$${(A + B)^2} = {A^2} + {B^2} + AB + BA$$

$$ = {A^2} + \left[ {\matrix{ 2 & 2 \cr 2 & 2 \cr } } \right]$$

$$\therefore$$ $${B^2} + AB + BA = \left[ {\matrix{ 2 & 2 \cr 2 & 2 \cr } } \right]$$ ..... (1)

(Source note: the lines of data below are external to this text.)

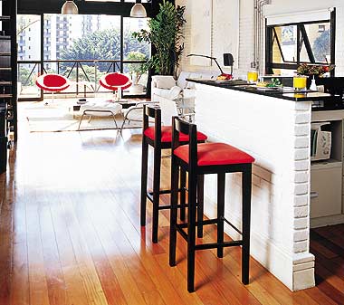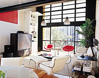 O jovem empresário se encontrou no espaço de 120 m2. Com as características originais mantidas, o imóvel recebeu pintura nas paredes e estruturas metálicas, além de movéis apropriados para casa de homem.
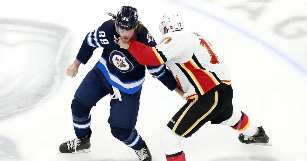 Защитник «Джетс» Нэтан Болье и нападающий «Флэймс» Милан Лучич сбросили краги сразу же после стартового вбрасывания в первом периоде.
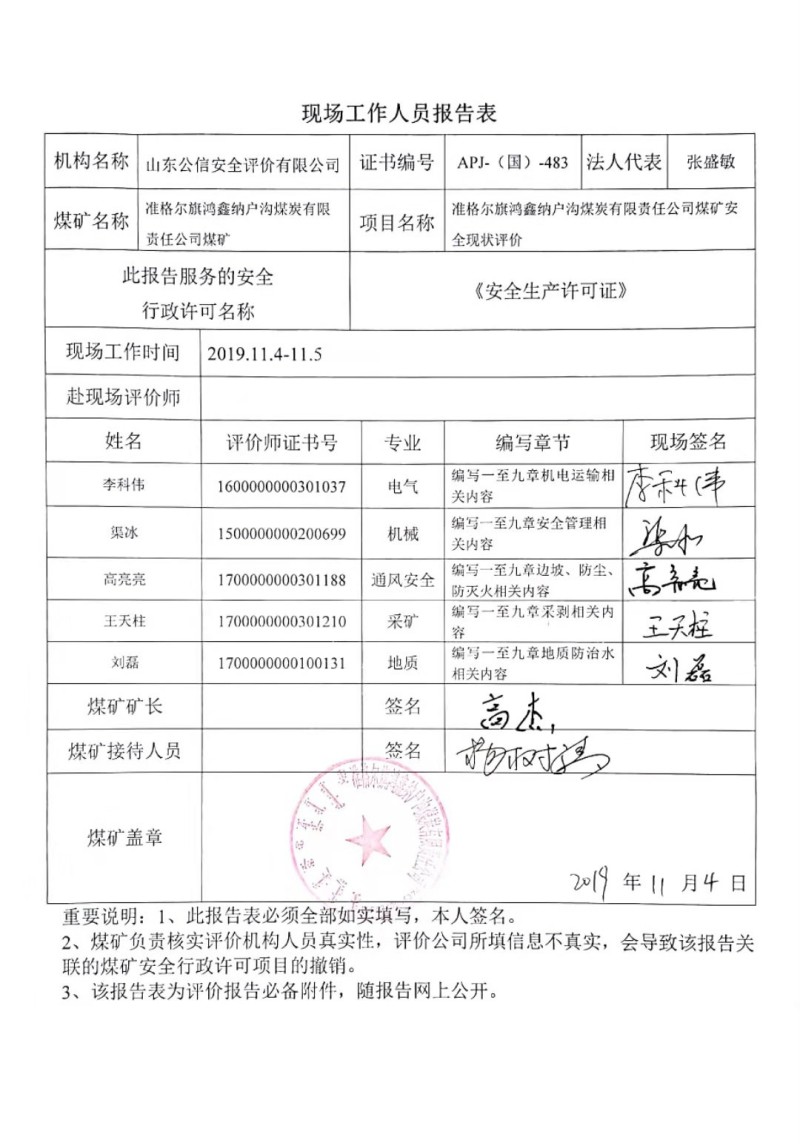 安全評價(jià)報(bào)告網(wǎng)上公開信息表 季度: 四季度 評價(jià)項(xiàng)目名稱 準(zhǔn)格爾旗鴻鑫納戶溝煤炭有限責(zé)任公司煤礦安
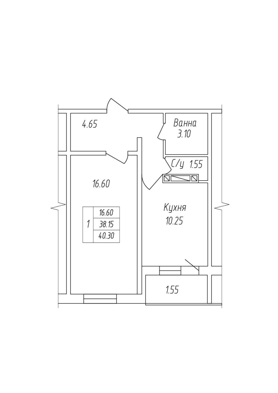 Общая площадь 40.3 м2
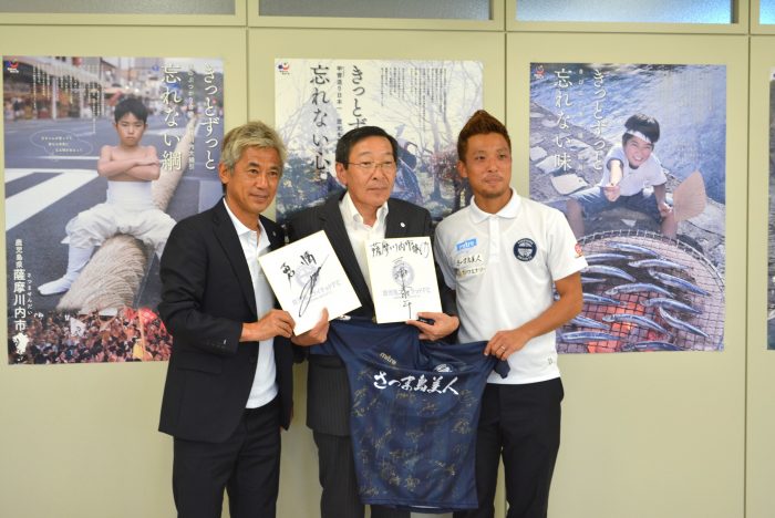 「薩摩川内サンクスデー」の開催に伴い、鹿児島ユナイテッドFCの三浦泰年監督と山田裕也選手(れいめい高校卒)が、薩摩川内市に表敬訪問に来られました。

$$AB = \left[ {\matrix{ 1 & { - 1} \cr 2 & \alpha \cr } } \right]\left[ {\matrix{ \beta & 1 \cr 1 & 0 \cr } } \right] = \left[ {\matrix{ {\beta - 1} & 1 \cr {\alpha + 2\beta } & 2 \cr } } \right]$$

$$BA = \left[ {\matrix{ \beta & 1 \cr 1 & 0 \cr } } \right]\left[ {\matrix{ 1 & { - 1} \cr 2 & \alpha \cr } } \right] = \left[ {\matrix{ {\beta + 2} & {\alpha - \beta } \cr 1 & { - 1} \cr } } \right]$$

$${B^2} = \left[ {\matrix{ \beta & 1 \cr 1 & 0 \cr } } \right]\left[ {\matrix{ \beta & 1 \cr 1 & 0 \cr } } \right] = \left[ {\matrix{ {{\beta ^2} + 1} & \beta \cr \beta & 1 \cr } } \right]$$

By (1) we get

$$\left[ {\matrix{ {{\beta ^2} + 2\beta } + 2 & {\alpha + 1} \cr {\alpha + 3\beta + 1} & 2 \cr } } \right] = \left[ {\matrix{ 2 & 2 \cr 2 & 2 \cr } } \right]$$

$$\therefore$$ $$\alpha = 1\,\,\beta = 0\,\, \Rightarrow {\alpha _1} = 1$$

Similarly if $${A^2} + AB + BA = 0$$ then

$$\left( {{A^2} = \left[ {\matrix{ 1 & { - 1} \cr 2 & \alpha \cr } } \right]\left[ {\matrix{ 1 & { - 1} \cr 2 & \alpha \cr } } \right] = \left[ {\matrix{ { - 1} & { - 1 - \alpha } \cr {2 + 2\alpha } & {{\alpha ^2} - 2} \cr } } \right]} \right)$$

$$\left[ {\matrix{ {2\beta } & {\alpha - \beta + 1 - 1 - \alpha } \cr {\alpha + 2\beta + 1 + 2 + 2\alpha } & {{\alpha ^2} - 2 + 1} \cr } } \right] = \left[ {\matrix{ 0 & 0 \cr 0 & 0 \cr } } \right]$$

$$ \Rightarrow \beta = 0$$ and $$\alpha = - 1\,\, \Rightarrow {\alpha _2} = - 1$$

$$\therefore$$ $$|{\alpha _1} - {\alpha _2}| = |2| = 2.$$